Severn Trent Water Build Over Agreement

Severn Trent Water says anyone wishing to build above or within three metres of a public sewer must have written permission before starting work. For work in Birmingham and the West Midlands, Staffordshire, Shropshire, Worcestershire and Gloucestershire, please email The situation of many of the most important public sewers that were laid after 1937 is known by Severn Trent Water. Warwick District Council has a number of maps which are freely available to anyone wishing to check if there is a sewer near their property. Just arrive at the reception of Riverside House and ask for the canal cards for your address. Unfortunately, the old sewers (laid before 1937) and the sewers set up in 2011 do not always know where they are going. Some of these ancient sewers are depicted on public canal maps, but many are not. This may be a problem with the extension, as sewers may only be located during construction work. If a public sewer is discovered during the work, an application must be made to Severn Trent Water if you are building above or within 3 metres.

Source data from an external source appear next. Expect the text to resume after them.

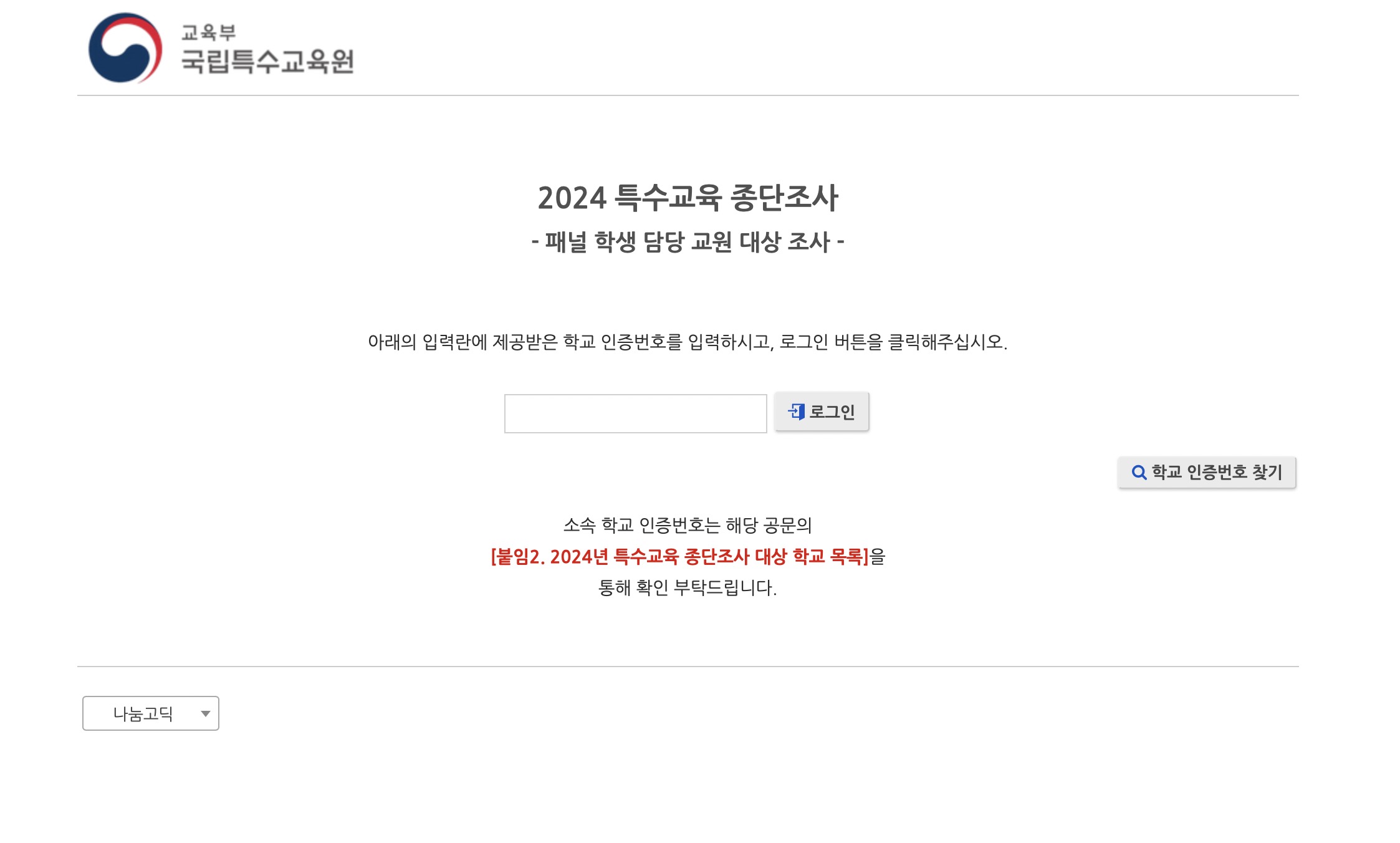 소속학교 인증번호는 2024년 특수교육 종단조사 대상 학교목록을 통해 확인하시기 바랍니다.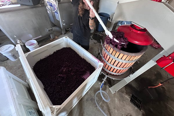 Speaking of climate resilience, Chris Denesha of plēb urban winery is pressing grapes this season.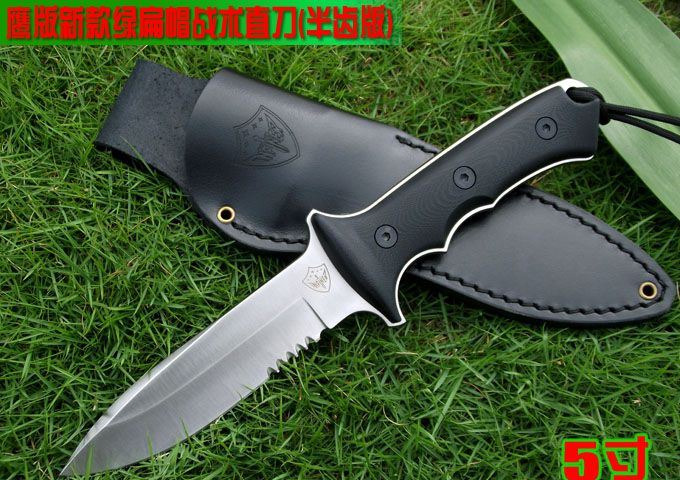 鹰版新款绿扁帽战术直刀(5寸半齿版)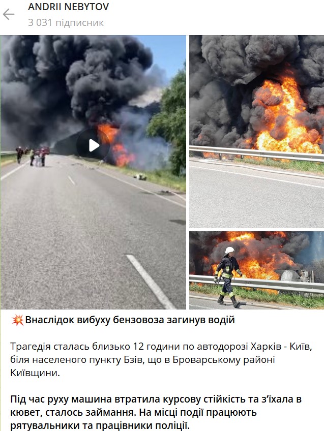 З'явилися подробиці аварії із бензовозом у Броварському районі Київської області. Через вибух загинув водій.

For all construction requests regarding new construction or extensions, we review the channel maps during the processing of the application. If we find a sewer nearby, we will inform you as much as possible. You may not beable to see them, but our sewers should be kept in mind if you are building on them or near them. Construction work can often affect our sewers and, in turn, affect the service we offer you. That`s why you need our permission before you start construction, so we can protect them for future generations. Previously, landowners were responsible for sewer lines that flow into public sewers to the point of being connected to those sewers. In some cases, these were pipes exceeding their land limit. People were often unaware that they were responsible for the repairs and ongoing maintenance of those sewers or pipes until a problem arose and they were affected by a potentially high bill. The new regime allows for more efficient maintenance of assets, reduces neighbourhood disputes over repair costs and allows for a better approach to sewerage network management.

All companies in the water sector have legal rights to access public sewers located on private land. These include sewers located below or near a property. If permission to construct a sewer has been granted, Severn Trent will still attempt to reach the sewage drainage channel without disturbing the land. If this is unavoidable, they will repair all damage caused within the limit of what is reasonable. If a sewer has been constructed without authorization, Severn Trent has the right to access the sewers and protect it by any means it deems appropriate. In extreme circumstances, this may involve all buildings that relate to a public sewer being modified or removed at the owner`s expense. All sewers outside the boundaries of the land and all sewers shared with another property located within the boundary of the land are the property of the sanitation/water companies. For the district of Stratford-on-Avon, it is either Severn Trent Water or Thames Water.